Hudson Stahli line. the key is that is can be on the superior and inferior where as goars line is only in the inferior.
what is related to wilsons dz and shows as copper deposit in the posterior cornea? looks like arcus but is orangeish
kaiser fleischer ring. wilsons dz is lever cirrhosis.
what is it called when there are pigmented spokes radiating out into the cornea from the limbus usually at 4 and 8 oclock and usually in darker eyes.
deratomelanocytosis.
what is similar to pannus other than its color. this is more orange and is in the mid stroma
salmon patch
pigment granules at schwalbes line is called what?
sampaolesi's line.
orangish brown line at the leading edge of a pterygium.
stockers line.
what is the ICE stand for in ICE syndrome?
iridocorneal endothelial syndrome
is the ice syndrome usually unilateral or bilateral?
typically unilateral
The ice syndrome consists of three overlapping disorders what are they?what is the link b/t them all?
chandler syndrome, cogan reese syndrome, progressive iris atrophy.
they all have abnormal corneal endothelium
what is abnormal about the endothelium in ICE syndrome?
the endo can migrate into the angle and cause an angle closure.
what are some of the objective signs that you will see with the ICE syndrome?
corectopia (malposition of the pupil)
pseudopolycoria (multiple pupils) in a previously normal pupil.
iris atrophy
corneal endothelial abnormalities (edema or fuch's)

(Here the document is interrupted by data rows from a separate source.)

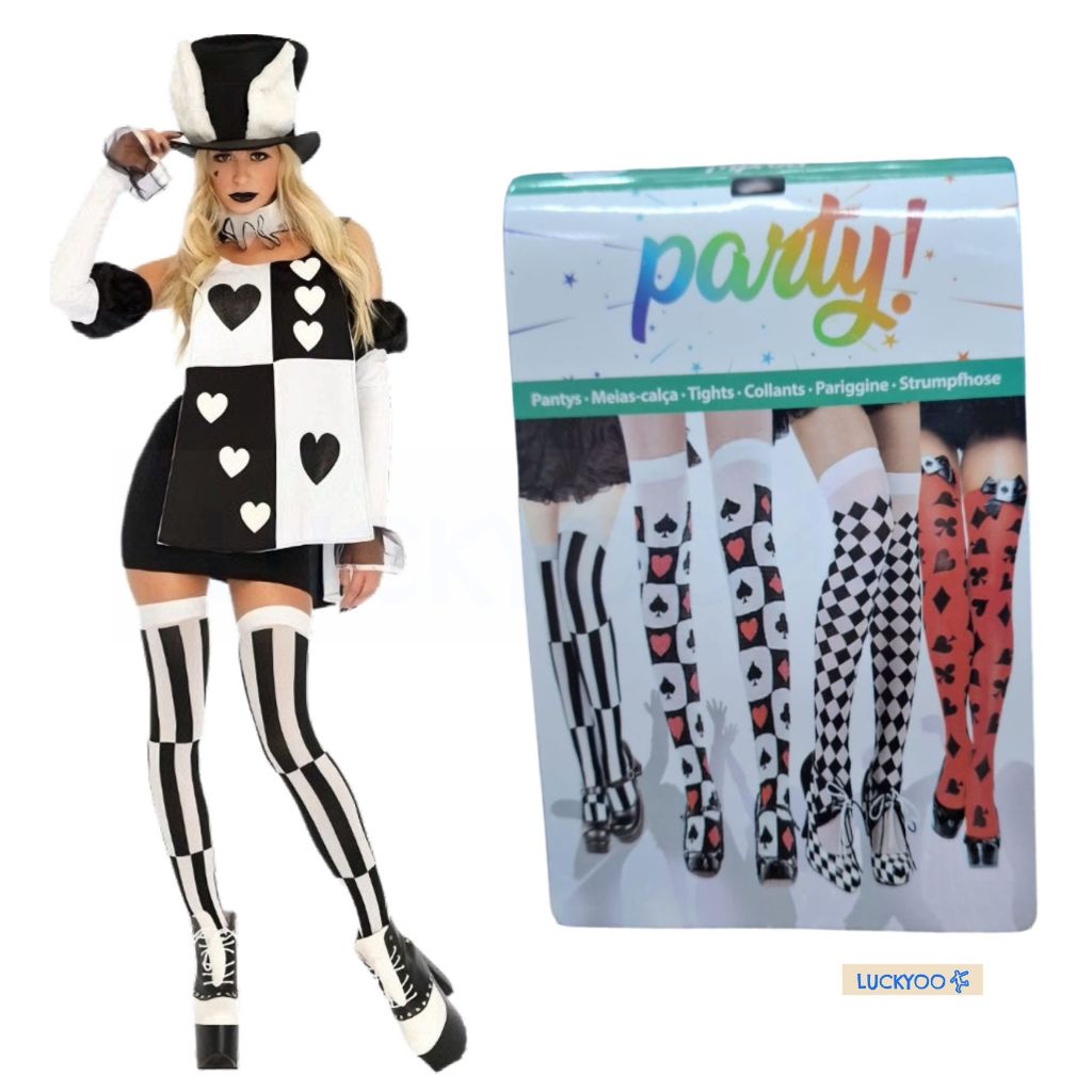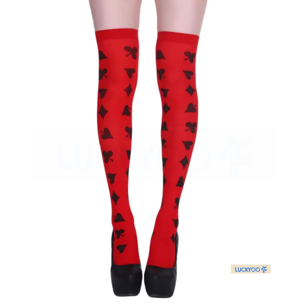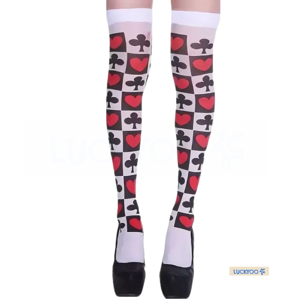 Meia 7/8 Estampada Naipes Rainha de Copas Listrado Alice Fantasia Cosplay Halloween Carnaval e Festas Geek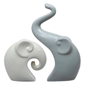 This figurine of a mother elephant with her baby celebrates love and protection. The vibrant oyster white and grey finish and intricate design make it a heartfelt décor piece symbolising family bonds.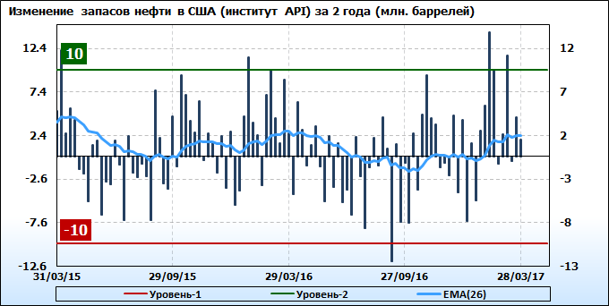 Изменение запасов нефти в США (институт API). Данные на 28.03.2017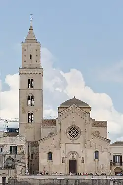 After his departure Matera elected William Iron Arm as its count (1042),[47][50] but like other towns it remained in Byzantine hands despite the Norman advances[51] – in 1054 died Sico, the protospatharios of Matera.[52] The city was seized in April 1064 as an independent acquisition by Robert, Count of Montescaglioso, a seditious nephew of Robert Guiscard, who profited from the involvement of his uncle further south.[53][54][55] After count Robert died in July 1080, Matera accepted the rule of his brother Geoffrey of Conversano.[56][57] Geoffrey's son Alexander joined a revolt against Roger II in 1132, but he fled before the advance of the king to Byzantium and left his son Geoffrey in Matera, whose inhabitants gave the city away to avoid being massacred by the royal troops.[58] Alexander later took part in the Byzantine invasion of Italy in 1156.[59] Lombard aristocrats survived with a reduced status: around 1150, Guaimar (III) of Capaccio, a descendant of Lombard princes, held a sub-fief near Matera from the count of Montescaglioso.[60] Meanwhile, after a period of association with the Byzantine metropolis of Otranto from 968,[61] the episcopal see of Matera was reclaimed by the archbishopric of Acerenza.[62] A new cathedral church of St Eustace was consecrated in May 1082.[63]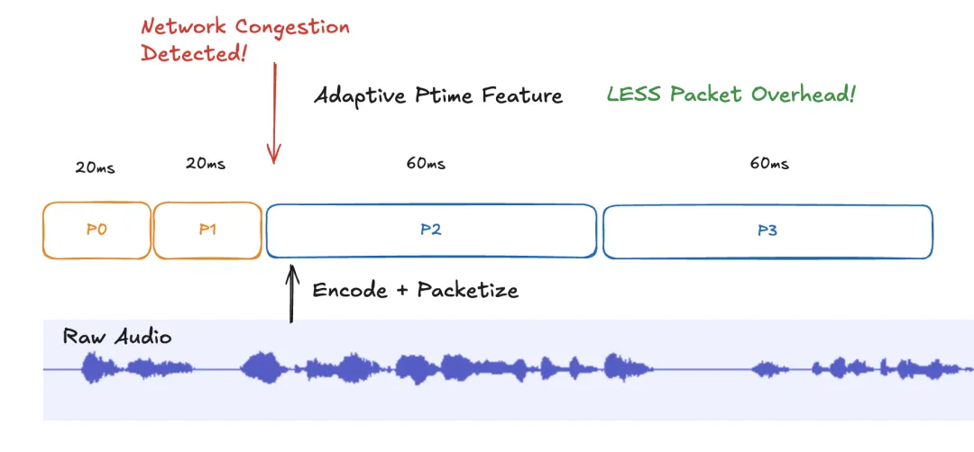 一般来说,随着网络传输改善,ptime 应该缩短(下一部分将深入探讨原因),这就是为什么即使在浏览器中,RTC 配置中也存在自适应 ptime 字段。除了数据包开销,10 毫秒的 ptime 在编码效率上也显著低于 20 毫秒的 ptime。你可以通过这个示例了解浏览器中不同编解码器的实时音频比特率:对等连接:仅音频。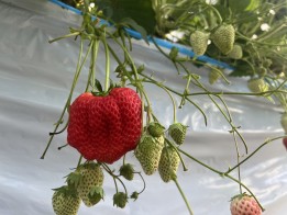でかほっぺは、60グラム以上の重さの紅ほっぺで、2番果の生育時期である1月にできはじめ、ひとつの苗から一粒できるかできないかという希少ないちごです。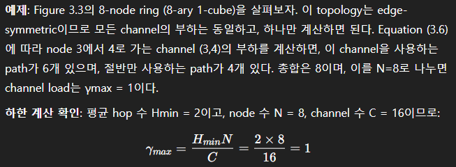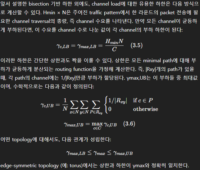 channel c의 load γc는, 해당 channel이 감당해야 하는 bandwidth가 input port bandwidth에 비해 얼마나 되는지를 나타내며, 다음과 같이 정의된다. 이는 모든 input이 1 unit의 traffic을 주입할 때 channel c를 통해 지나야 하는 traffic 양으로 해석할 수 있다. 단위가 없고, 일반적으로는 uniform traffic 하에서 계산한다.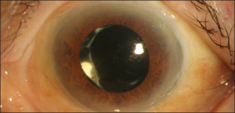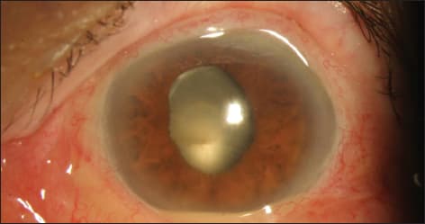 Figure 9. Four days after being injected with ranibizumab, this patient presented with a visual acuity of hand motions.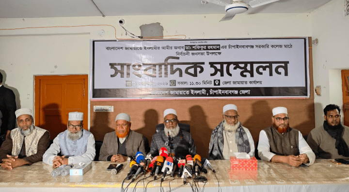 বাংলাদেশ জামায়াতে ইসলামীর আমীর জনাব ডা. শফিকুল রহমানের চাঁপাইনবাবগঞ্জ সরকারি কলেজ মাঠে অনুষ্ঠিতব্য নির্বাচনী জনসভা উপলক্ষে সাংবাদিক সম্মেলন অনুষ্ঠিত হয়েছে। রবিবার (১ ফেব্রুয়ারি) সকাল সাড়ে ১১টায় জেলা জামায়াতে ইসলামীর কার্যালয়ের কনফারেন্স রুমে এ সাংবাদিক সম্মেলনের আয়োজন করা হয়। সাংবাদিক সম্মেলনে জানানো হয়, আগামী ১২ ফেব্রুয়ারি অনুষ্ঠিতব্য ত্রয়োদশ জাতীয় সংসদ নির্বাচনকে সামনে রেখে বাংলাদেশ জামায়াতে ইসলামী ‘জুলাই সনদ’ বাস্তবায়ন, দুর্নীতি ও চাঁদাবাজমুক্ত দেশ গঠন, যুবকদের কর্মসংস্থান সৃষ্টি এবং একটি বৈষম্যমুক্ত কল্যাণরাষ্ট্র প্রতিষ্ঠার লক্ষ্যে নির্বাচনে অংশগ্রহণ করেছে। নেতৃবৃন্দ বলেন, আল্লাহর সাহায্য ও জনগণের ম্যান্ডেট নিয়ে বাংলাদেশ জামায়াতে ইসলামী আগামী দিনে সরকার গঠন করতে চায়। এ সময় তারা আরও বলেন, একটি অবাধ, সুষ্ঠু ও নিরপেক্ষ নির্বাচন নিশ্চিত করতে সিভিল প্রশাসন, পুলিশ প্রশাসন, সেনাবাহিনী, র্যাব, গোয়েন্দা বিভাগ, আইনজীবী, সাংবাদিকসহ সমাজের সর্বস্তরের মানুষের সহযোগিতা প্রত্যাশা করে বাংলাদেশ জামায়াতে ইসলামী।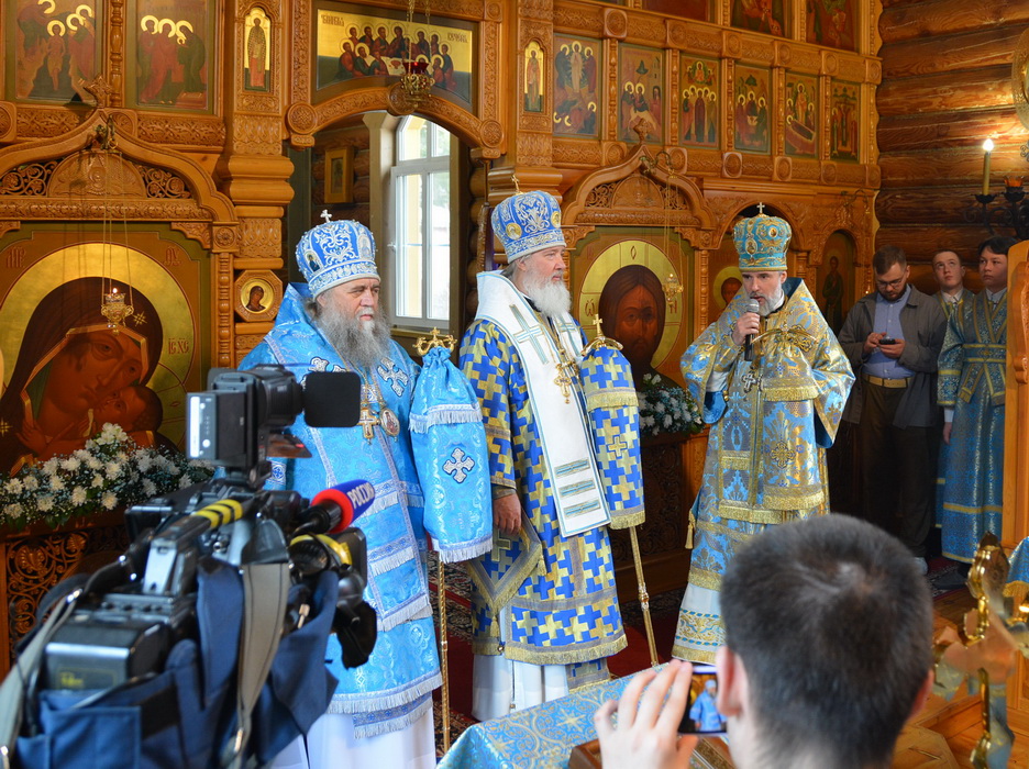 После богослужения, по праздничной традиции, митрополит Максимилиан, епископ Алексий, епископ Константин, иеромонах Алексий (Середин), А.В.Ермаков в окружении прихожан отпустили в небо голубей.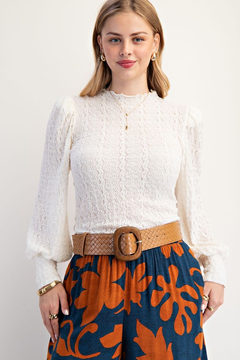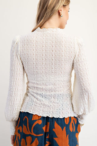 Elevate your wardrobe with this Textured Lace Fitted Top featuring a high neckline accented by a subtle ruffle trim for a delicate touch. The fitted bodice and scalloped hemline enhance your silhouette, while slight puff shoulders and full-length bishop balloon sleeves with elastic cuffs add elegant volume. Designed with small measurements—23" length and 16" bust—this top combines classic lace texture with modern details, perfect for stylish layering or standout solo wear.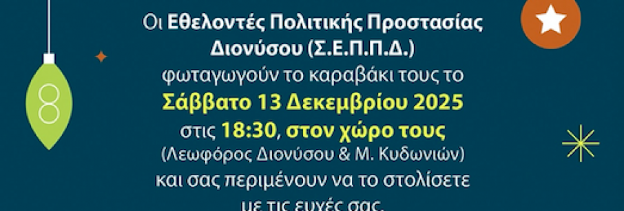Ζεστό κρασί, σνακ και γλυκά θα περιμένουν όσους προσέλθουν στο χώρο των Εθελοντών Πολιτικής Προστασίας Διονύσου (Λ. Διονύσου και Μητρ. Κυδωνιών) για να ανάψουν μαζί το χριστουγενν[...]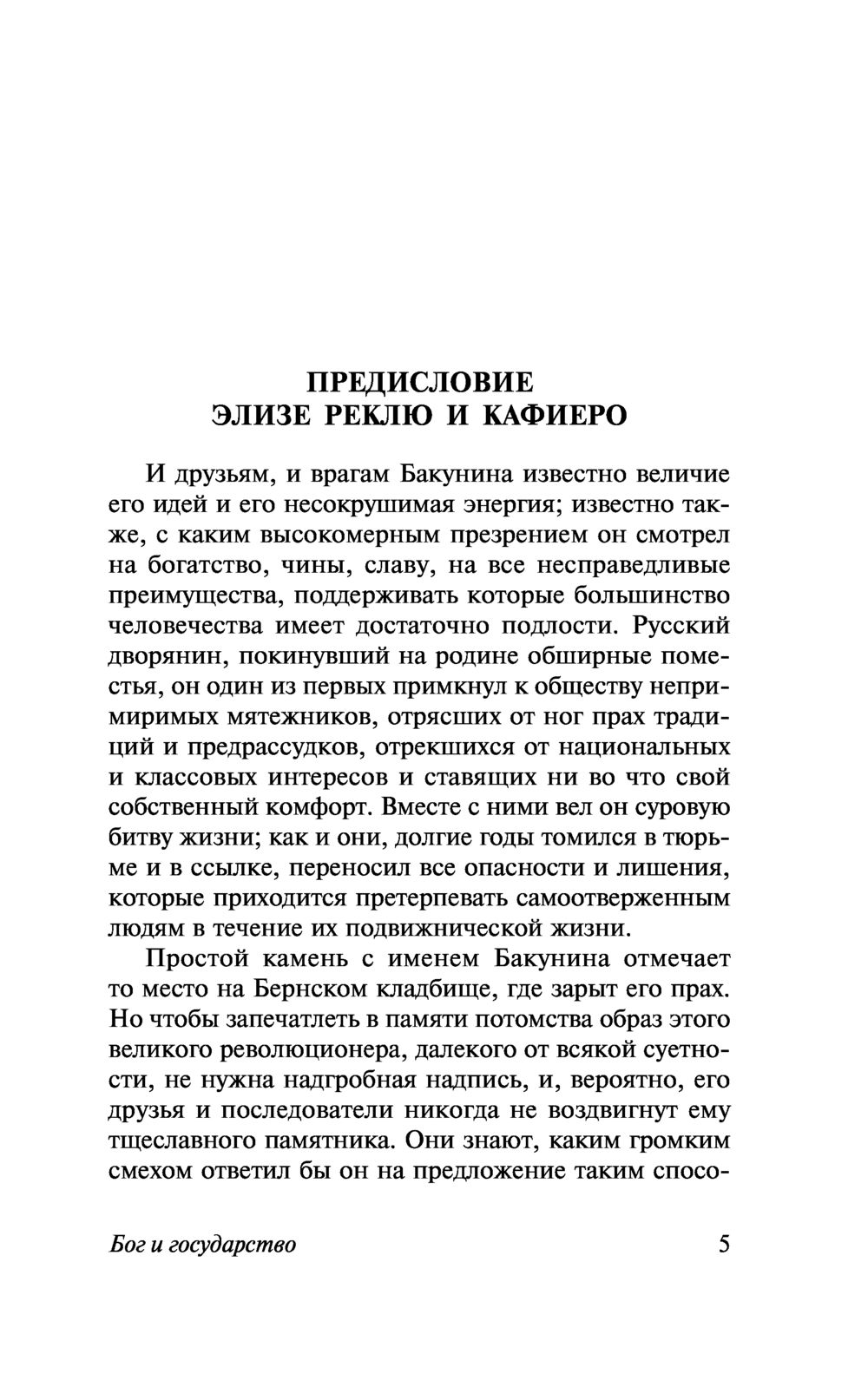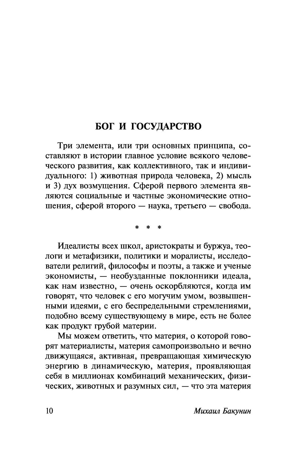 В сборник также включена незаконченная рукопись Бакунина "Бог и государство", в которой он критикует христианство и расцветающее в то время технократическое движение с материалистической, анархистской и индивидуалистической точек зрения.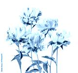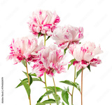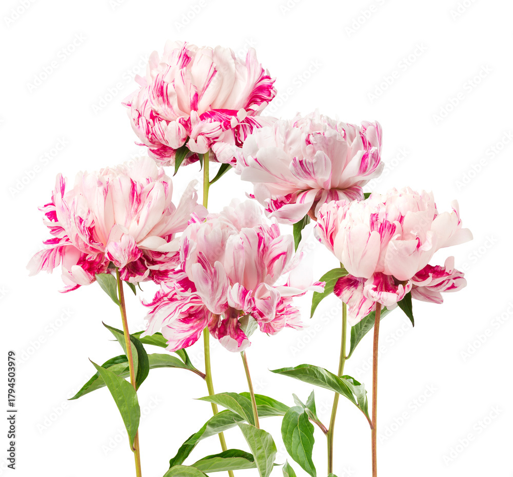 lush cluster of five vibrant striped peony flowers, showcasing spectacular pink and white variegated petals and robust green leaves, isolated on black.

ICE syndrome is associated with chandler, cogan reese syndrome, and progressive iris atrophy. which one consists of severe corneal changes, corneal edema, and the iris is normal or has mild atrophy?
chandler syndrome
ICE syndrome is associated with chandler, cogan reese syndrome, and progressive iris atrophy. which one consists of diffuse nevi (iris nodules), iris surface is matted looking, and 50% of the iris is atrophied (is that a word?)
cogan reese syndrome.
ICE syndrome is associated with chandler, cogan reese syndrome, and progressive iris atrophy. which one consists of severe iris changes, iris stromal atrophy, iris hole formation, pupil displacement towards area of synechiae
progressive iris atrophy
with all three ICE disorders what needs to be watched closely other than the endothelium?
pressures with progressive iris atrophy having the highest prevelance.